Os dois, militar e monarca viraram-se para ela no outro lado da mesa. Grival franziu o cenho de incompreensão, assim como Eledon. O militar quase deu um passo para trás pela desagradável surpresa.
— Hunf, eu devo estar ficando surdo — Grival debochou.
— Desculpe-me, mas creio que não escutei direito, Majestade. — O homem mostrava-se desorientado.
— Você me escutou muito bem — disse a rainha. — Fez um juramento à mim, se lembra? Eu estou lhe dando uma ordem agora. Cumpra-a.
Eledon engoliu um seco.
— Mas...
— Jurou sua espada à ela? — Grival, ainda sentado em sua cadeira, virou-se para ele com enorme repúdio em seu rosto.
— Jurei, Majestade.
— Você é um militar ou uma dama de companhia? A lealdade do Comandante do Exército pertence unicamente ao rei, não à rainha. Por acaso não sabia disso quando cogitou disputar o seu cargo?
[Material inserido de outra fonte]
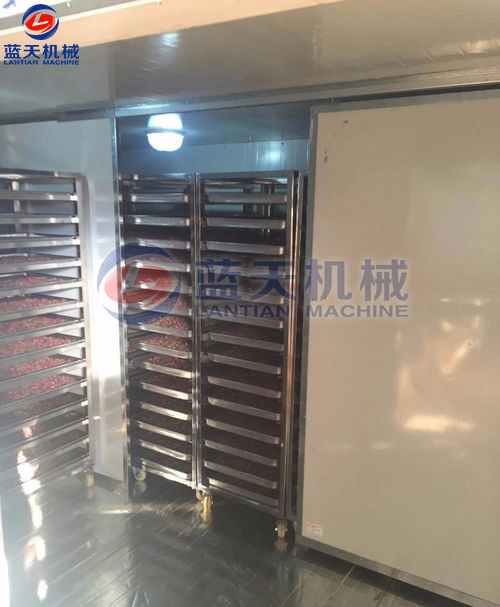 裝滿花蕾的物料車要輕輕推入烘干房,關閉烘干房室門升溫,嚴格控制室內(nèi)溫度、依次順序溫度慢慢提升,采用循環(huán)風路,確?;ɡ俑蓾窬鶆?,色澤鮮艷。

— Sabia, sim. — O homem parecia um cachorro cabisbaixo recebendo uma bronca de seu dono.
— Eledon, jurou pela sua honra me obedecer. Um líder militar que quebra a sua palavra não é digno de seu título. — Tomando uma postura contrária ao marido, Eline demonstrava cautela nas palavras direcionadas ao oficial.
Em seu momento de indecisão, o homem involuntariamente movimentou a mão direita para alcançar o punho da espada em sua bainha. Percebia-se que ele travava uma disputa moral dentro de si. Mas esse pequeno ato não passou despercebido aos olhos de Grival.
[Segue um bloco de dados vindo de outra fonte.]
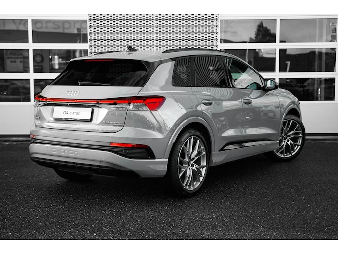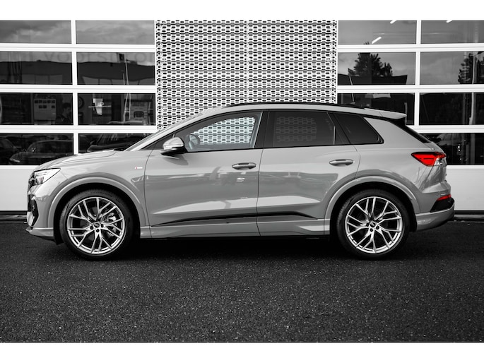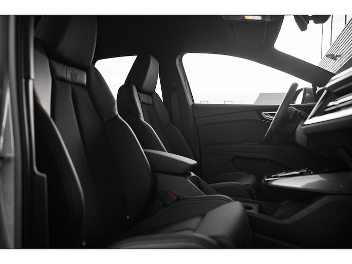 Duurzaam en dynamisch, de Audi Q4 e-tron verenigt deze twee uitersten in zich. Dit is een auto uit, er staat 0 kilometer op de teller. Milieuvriendelijk, stil en uitstekende rijprestaties: dat zijn de voordelen van de elektromotor. Het gaat hier om een nieuwe auto, hij is nu direct leverbaar. Een krachtige motor geeft deze auto zijn sportieve prestaties. Een handige voorziening op deze auto is de elektrische achterklep die u op afstand kunt openen. De koplampen zijn voorzien van matrix LED-verlichting waarmee u aanzienlijk verder kan kijken in het donker. Het systeem past zelf de lichtstraal aan op het moment tegenliggers verblind kunnen worden. Ook sportonderstel, S-line sportinterieur, zwarte hemelbekleding, donker getint glas achter en verstelbare lendensteunen in de voorstoelen zijn aan boord. Geen nekkramp of spiegelwerk meer bij het achteruitrijden: de achteruitrijcamera kijkt en ziet alles! Adaptive cruise control is veilig en comfortabel. De snelheidsregelaar houdt automatisch afstand tot het voertuig dat voor u rijdt. Het infotainmentaanbod is zeer uitgebreid. Ontspannen reizen doet u met behulp van het MMI navigatiesysteem terwijl u muziek afspeelt via het Audi audiosysteem met DAB-radio. De regensensor schakelt automatisch de ruitenwissers in bij regenval. Ook is de Audi uitgerust met: automatisch dimmende buitenspiegels, isofix-aansluiting, centrale portiervergrendeling en in hoogte en diepte verstelbaar stuur. Als bestuurder van deze Audi bent u nooit alleen. U wordt onderweg bijgestaan door technologische hulpmiddelen die samen met u de weg in de gaten houden. Als het nodig is, grijpen ze zelfs in, door te remmen of bij te sturen. Lane assist waarschuwt als u onbedoeld buiten uw rijstrook dreigt te raken. Wordt dit uw nieuwe auto? We verwelkomen u graag om u deze Q4 e-tron te laten zien, en dan leggen we u ook uit welke financieringsvormen we erbij kunnen aanbieden.

— Se ousar tocar no punho da espada, você será condenado e sentenciado à morte por traição — disse o rei.
— Se ousar tocar no punho da espada, você e sua esposa, seus filhos e seus netos serão recompensados com riquezas e honrarias até a última geração da sua família — disse a rainha.
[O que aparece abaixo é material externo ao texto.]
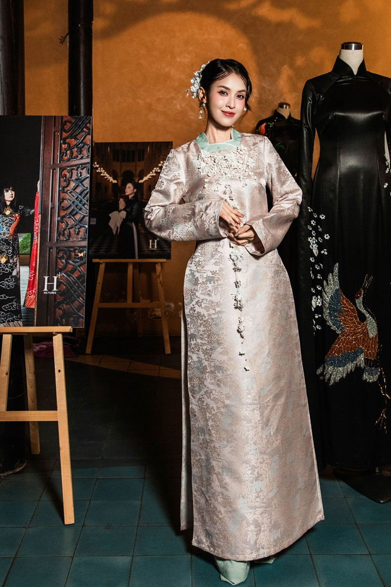 Hình tượng chim công khổng tước mang ý nghĩa biểu trưng cho vẻ đẹp quyến rũ, huyền bí, thịnh vượng, đồng thời thể hiện khát vọng làm mới áo dài Việt trong dòng chảy thời trang hiện đại. Hoa hậu Đại dương Việt Nam 2025 Nguyễn Thanh Thảo đảm nhiệm vai trò kết màn của BST.

O homem estremeceu. Seus olhos vagavam de uma lado para o outro e sua cabeça era atormentada por pensamentos duvidosos.
— Já estou farto disso. — Grival afastou sua cadeira da mesa e levantou-se com grande revolta. — Guardas! Venham aqui e levem este homem como prisioneiro!
Mas Eledon não permitiria que isso acontecesse. Através de seu puro instinto, ele puxou a espada da bainha e o aço silvou quando cortou o ar. Ninguém naquele lugar foi capaz de ver detalhadamente o momento em que a espada daquele homem perfurou e atravessou o estômago do rei ao seu lado. Grival arregalou os olhos e abriu sua boca enrugada. Alternou sua visão entre o ferimento em sua barriga e o rosto do assassino diante de si.
— Perdão, Majestade — Eledon sussurrou antes de puxar a lâmina de volta. Ele mal tinha a coragem de encarar os olhos aflitos de seu rei.
Grival apoiou-se na cadeira em que estava sentado e levou sua outra mão no corte que não parava de jorrar sangue. Eline ainda estava sentada na mesa, ela observava inexpressiva os passos cambaleantes e os engasgos dados pelo marido. Eledon afastou-se para não interferir nos últimos suspiros do rei. Seu rosto estava completamente suado e reluzia a luz das chamas na lareira. Ele estava ofegante e totalmente duvidoso. A mancha vermelha agora cobria todo o branco das vestes na barriga do rei. Ele não demorou em perder as forças dos braços e das pernas, caiu no tapete e continuou engasgando o sangue que escorria de sua boca.
Eline enfim se levantou e caminhou elegantemente até o corpo do monarca. Eledon não sabia se olhava para ela ou para o velho moribundo. Ela permaneceu parada diante do marido caído no chão lustroso, observava-o em silêncio como um abutre esperando pela morte de sua presa. Quando Grival parou de mexer os membros do corpo e suas pupilas se dilataram, ficou constatado que o rei estava morto.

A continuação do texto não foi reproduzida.